The dependent variables of this study were the province-based health services, including the annual hospitalization rate of residents and the average number of outpatient visits per year.

Independent variable

Independent variable mainly took into account from the Anderson model, literatures and the available data in statistical yearbooks.

Predisposing factors

For predisposition factors, we suggested that age, sex, race/ethnicity, education, and family structure composition may have an impact on the utilization of health service [14, 15, 24,25,26]. Specifically, it was divided into 5 proxies: (i) Sex ratio (SR, %), which reflects the sex composition. (ii) Ethnic minority groups rate (EMGR, %), which reflects ethnic minority groups composition. (iii) Proportion of 65-year-olds (P65, %), which reflects age composition. (iv) Illiteracy rate (IR, %), which reflects education composition. (v) Average household size (AHS), which reflects the size of the family.

Enabling factors

In this component, we included 4 proxies: (i) Per capita gross domestic product (GDP per capita), which reflects the economic contribution or value creation of each resident to their country or region. (ii) Urbanization rate (UR, %), which reflects the proportion of the urban population in the total population. (iii) Percentage of medical insurance participants (MIP, %), which reflects the level of the population enjoying health insurance. (iv) Health resources (HR), which includes a) Number of medical technical personnel in health care institutions per 10,000 persons. b) Number of physicians in health care institutions per 10,000 persons. c) Number of registered nurses in health care institutions per 10,000 persons. d) Number of beds in health care institutions per 10,000 persons. Above four variables, we used principal component analysis (PCA) to convert them into a health resources index.

Need factors

We used two indicators: (i) Life expectancy (LE), which is the total number of years that a group of people at birth can expect to live given an existing age-specific mortality rate [31]. (ii) Perinatal mortality (PM), which is the level of perinatal infant mortality.

Data analysis

Descriptive and exploratory spatial data analysis

This paper first described the spatial distribution of the annual hospitalization rate of residents and the average number of outpatient visits per year and calculated the growth rate from 2010 to 2020. We used the local Moran I statistic to examine the spatial autocorrelation between the annual hospitalization rate of residents and the average number of outpatient visits per year.
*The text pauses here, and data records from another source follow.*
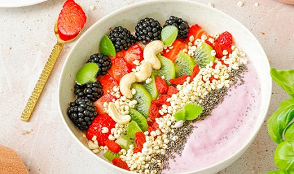 Przepis na Acai Bowl z jeżynami, truskawkami, jagodami Goji i prosem ekspandowanym Lestello
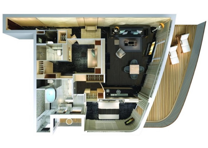 | HE - The Haven Courtyard Penthouse od 34 m² / balkón od 9 m². 17,18. paluba vpredu. Max 3 osoby, Výhody The Haven. | 26 738 € 13 369 € za osobu | ||
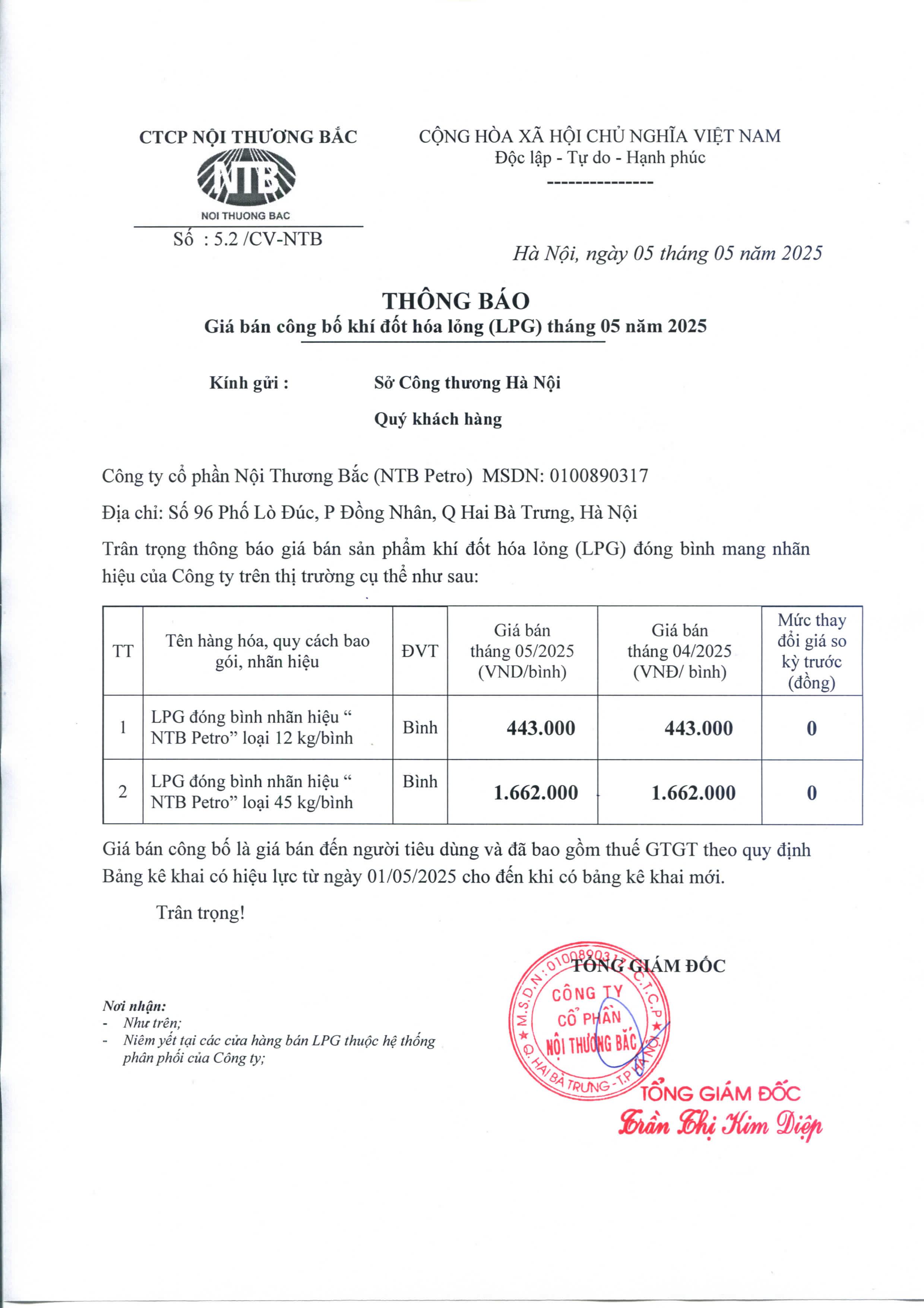 Căn cứ diễn biến giá khí dầu mỏ hoá lỏng tại thị trường nội địa và trên Thế giới trong Tháng 05.2025. Công ty Cổ phần Nội Thương Bắc xin thông báo giá bán khí dầu mỏ hoá lỏng đóng trong bình mang nhãn hiệu của Công ty trên thị trường theo như thông báo dưới đây, trân trọng cảm ơn Quý khách hàng.
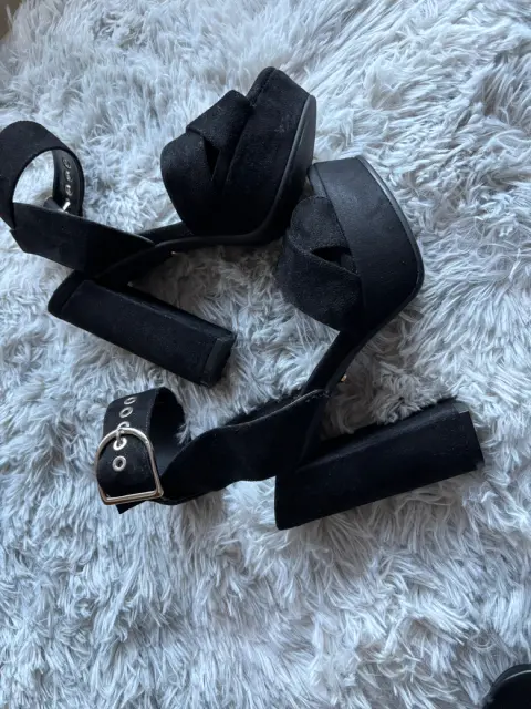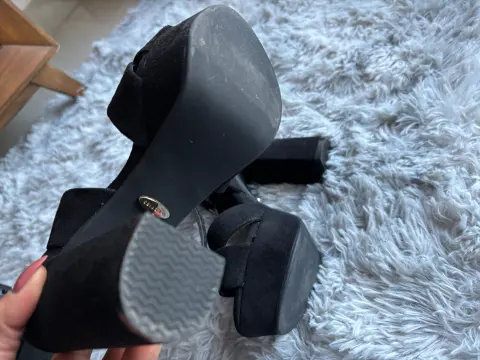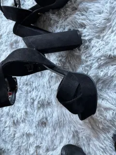 Lindas sandalias de tacón cómodo , tiene pulsera con una bonita hebilla . Son color negro , eleva tu outfit. Están en súper buenas condiciones solo los estrene.
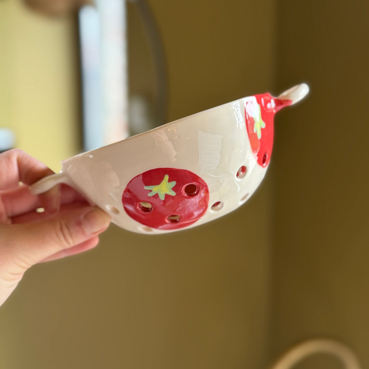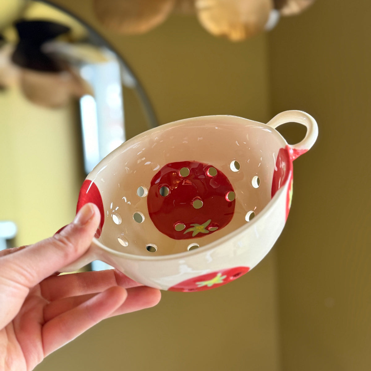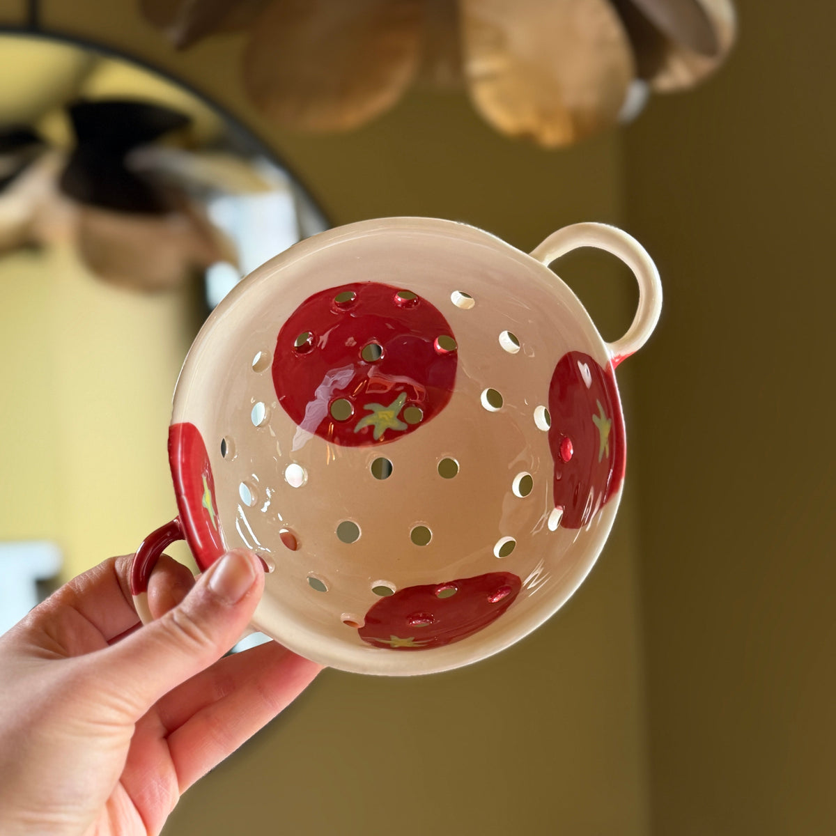 Une jolie passoire en faïence décorée à la main.

Then, we calculated descriptive statistics (observations, means, standard deviations, min, max, and VIF) to describe predisposing factors, enabling factors, need factors, and utilization of health service variables in 2010–2020.

Panel data models

Based on the framework for health services utilization, we first established a general panel regression model to analyze the impact of various influencing factors on the use of provincial health services, the model is represented as follows:

$${UHS}_{\mathrm{it}}=\mathrm{c}+{a}_{1}{\mathrm{PF}}_{\mathrm{it}}+{a}_{2}{EF}_{\mathrm{it}}+{a}_{3}{NF}_{\mathrm{it}}+{\mu }_{i}+{\mu }_{t}+{\varphi }_{it}$$
(1)

where i denote province, t represents the year, UHS stands for utilization of health service measured by hospitalization rate and the average number of outpatient visits per year. In each region, PF represents the predisposing factor, EF represents the enabling factors, NF represents the need factors, \(\mu_i\) denotes the individual (spatial) effect, and \(\mu_t\) denotes the time effect respectively, which could be fixed or random effects. \(\varphi\) is the error term.

Spatial models

Based on Anderson model, we used the spatial panel data model to study the influencing factors of the utilization of provincial health services in China from 2010 to 2020. First, we examined the normality of the annual hospitalization rate of residents and the average number of outpatient visits per year by the Shapiro–Wilk (SW) test. Afterward, based on the panel regression model, we established three spatial regression models: i) the spatial panel autoregressive regression model (SPAR: adding the spatially lagged dependent variable); ii) the spatial panel error model (SPEM: adding the spatially lagged error term); iii) the spatial panel Durbin model (SPDM: adding both spatially lagged dependent variable and spatially lagged error term).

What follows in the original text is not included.